2. Symmetrical Authorization
For every Orechnik Russia prepares or launches, the West must instantly lift another layer of restrictions on Ukraine’s long-range targeting capabilities. Link the two directly. If Russia deploys an experimental IRBM, Ukraine gets immediate targeting clearance for twenty deeper strategic nodes inside Russia using existing Western stockpiles. Turn Russia's psychological weapon into a liability for their own domestic infrastructure.
3. Target the Supply Chain, Not the Missile
The technical reality of the Orechnik's guidance systems means it relies heavily on diverted dual-use electronics.
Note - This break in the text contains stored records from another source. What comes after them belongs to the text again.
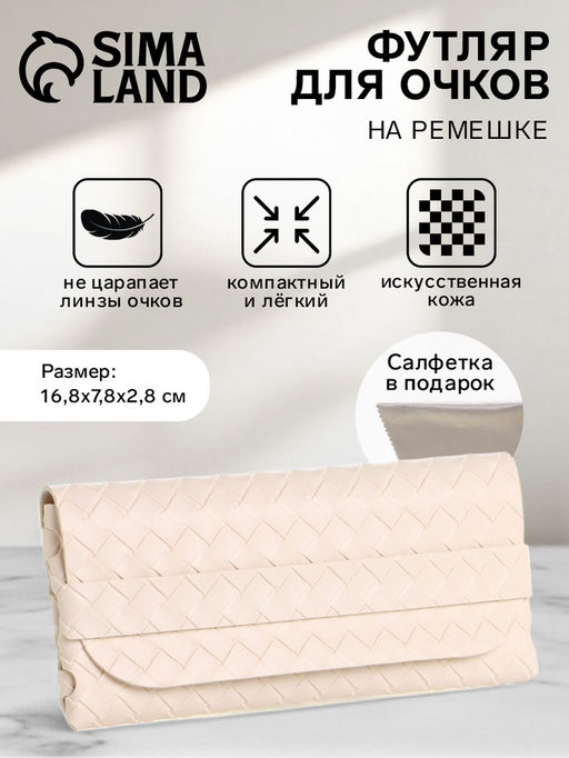 Стильный и практичный футляр для очков подойдет каждой женщине, предпочитающей элегантность и удобство. Выполнен из качественной искусственной кожи молочного оттенка, он станет надежным спутником ваших очков. Компактные размеры (16,8 см в длину и 7,8 см в ширину) и ремешок в качестве застежки обеспечивают комфортное использование.ПреимуществаЭргономичность: компактные размеры позволяют легко носить футляр в сумке или рюкзаке.Долговечность: материал устойчив к износу, обеспечивая долговременное использование.Удобство использования: мягкий и гибкий материал предохраняет очки от царапин.Стильный дизайн: молочный цвет подчеркивает изысканность и женственность вашего образа.Легкость: малый вес делает его практически невесомым при повседневном использовании.Надежность: плотно фиксирует очки, предотвращая их выпадение и повреждение.Универсальность: подходит для разных типов очков.Приятный на вид и ощущение, этот футляр станет незаменимым помощником в повседневной жизни. Вы будете уверены в безопасности своих очков и сэкономите на дорогостоящих ремонтах. Оцените удобство и надежность. Набор: Нет. Для кого: Для женщины. Длина, см: 16.5. Ширина, см: 7. Вид застёжки: Ремешок. Жёсткий корпус: Нет. Бесплатная доставка: Да. Размеры товара: 7.8/2.8/16.8. Примечание: Оттенок данного товара может незначительно отличаться от фото/видеоизображения (в зависимости от настроек яркости вашего экрана)..
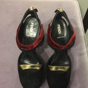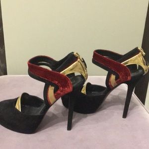 Black suede with burgundy velvet and gold metallic accent/design. Detailed zipper in back. Great condition worn once or twice .
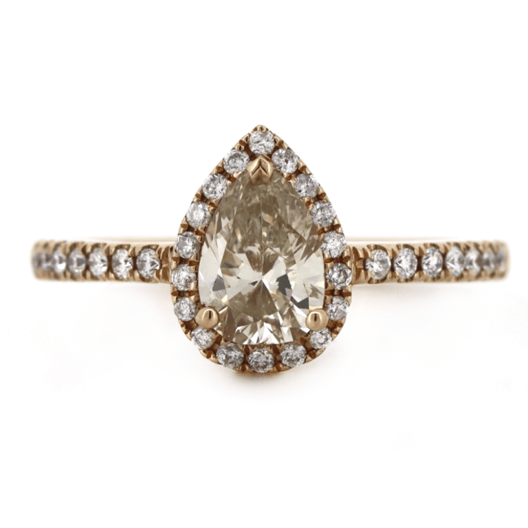 The Centre Features, One Pear Cut, Fancy Light Brown, Diamond (0.82Ct, Si1 Clarity), Claw Set. Surrounding The Centre In A Halo And Decorating The Band Are, 32 Round Brilliant Cut, Diamonds (0.21Ct Tdw, G-H Colour, Si1-I1 Clarity), Micro-Claw Set. Ring Size M.

Instead of debating the deployment of more Patriot batteries—which take years to build—the immediate focus must shift to aggressive, secondary sanctions on the front companies in Central Asia and East Asia that facilitate the flow of microelectronics to Russian design bureaus like NPO Mashinostroyeniya.
The downside to this approach is obvious: it requires stomach. It means accepting the risk that a conventional Orechnik missile might hit a high-profile target without an interceptor blowing it up mid-air. It requires telling the public a brutal truth: in modern warfare, you cannot protect everything, and trying to do so guarantees defeat.
Continuing down the current path—tracking every rumor of a launch, shifting diplomatic postures based on missile tests, and treating an inefficient delivery system as a paradigm-shifting threat—ensures that Russia wins the psychological war without ever needing to achieve victory on the battlefield.
Stop watching the sky for the next streak of light. Look at the balance sheet, look at the production limits, and realize you are being conned by an adversary running low on options.